Modifications of skeletal muscle ryanodine receptor type 1 and exercise intolerance in heart failure

Abstract

Background: In experimental heart failure animal models, remodeling of skeletal and cardiac muscle ryanodine receptors (RyR), including phosphorylation, S-nitrosylation and oxidation, have been reported to contribute to pathologic Ca2+ release, impaired muscle function and fatigue. However, it is not known whether similar remodeling of RyR1 in skeletal muscle occurs in patients with heart failure, and if this is associated with impairment of physical activity.

Methods: We studied 8 sedentary patients with New York Heart Association (NYHA) Class III heart failure and 7 age-matched, healthy, but sedentary controls. All heart failure patients had NYHA Class III and peak VO2, echocardiography and NT-proBNP data consistent with moderate to severe heart failure. The age-matched controls included were allowed hypertension but sub-clinical heart failure was to have been ruled out by normal peak VO2, echocardiography and NT-proBNP.

Results: Exercise capacity (VO2max) differed by almost 2-fold between heart failure patients and age-matched controls. Compared with controls, skeletal muscle RyR1 in heart failure patients was excessively phosphorylated, S-nitrosylated and oxidized. Furthermore, RyR1 from heart failure patients was depleted of its stabilizing protein FK 506-binding protein 12 (FKBP12, or calstabin1).

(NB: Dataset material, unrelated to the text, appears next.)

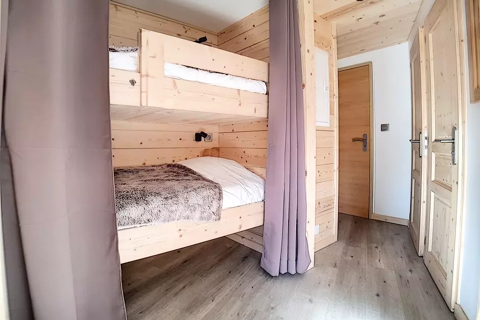 Coin montagne (séparé du séjour par un rideau) : 2 lits superposés 1 personne.
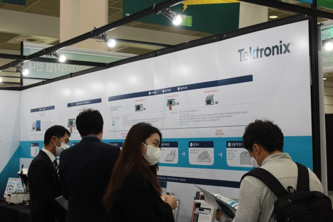 ▲텍트로닉스 담당자가 부스를 찾은 참관객에 자사의 솔루션에 대해 설명하고 있다. (사진 : 서재창 기자)

Conclusions: For the first time we show that skeletal muscle RyR1 from human heart failure is post-translationally modified, which corroborates previous data from experimental animal studies. This indicates pathologic Ca2+ release as a potential mechanism behind skeletal muscle weakness and impaired exercise tolerance in patients with heart failure and suggests a potential target for pharmacologic intervention.

Keywords: ageing; muscle fatigue activity; physical exercise capacity calcium oxidative stress; post-translational contraction; protein processing.

Figure 1. Skeletal muscle RyR1 from human heart failure is excessively phosphorylated, S-nitrosylated, oxidized and depleted of FKBP12

A. Representative immunoblot analyses of RyR1 immunoprecipitates from 3 control and 3 heart failure skeletal muscle samples using phosphoepitope-specific antibodies that detect PKA-phosphorylated RyR1-Ser2843 (P*RyR1), RyR1 cysteine S-nitrosylation (S-NO), oxidation of RyR1 (dinitrophenylhydrazine, DNP), and FKBP12 (calstabin1) associated with the RyR1 complex. B. Quantification of immunoblots from 7 control and 8 heart failure patients. Pooled data are normalized to the amount of immunoprecipitated RyR1 (top lane in figure 1A) and are presented as mean ± standard deviation; AU, arbitrary units; *** p < 0.001 control vs. heart failure (unpaired t-test).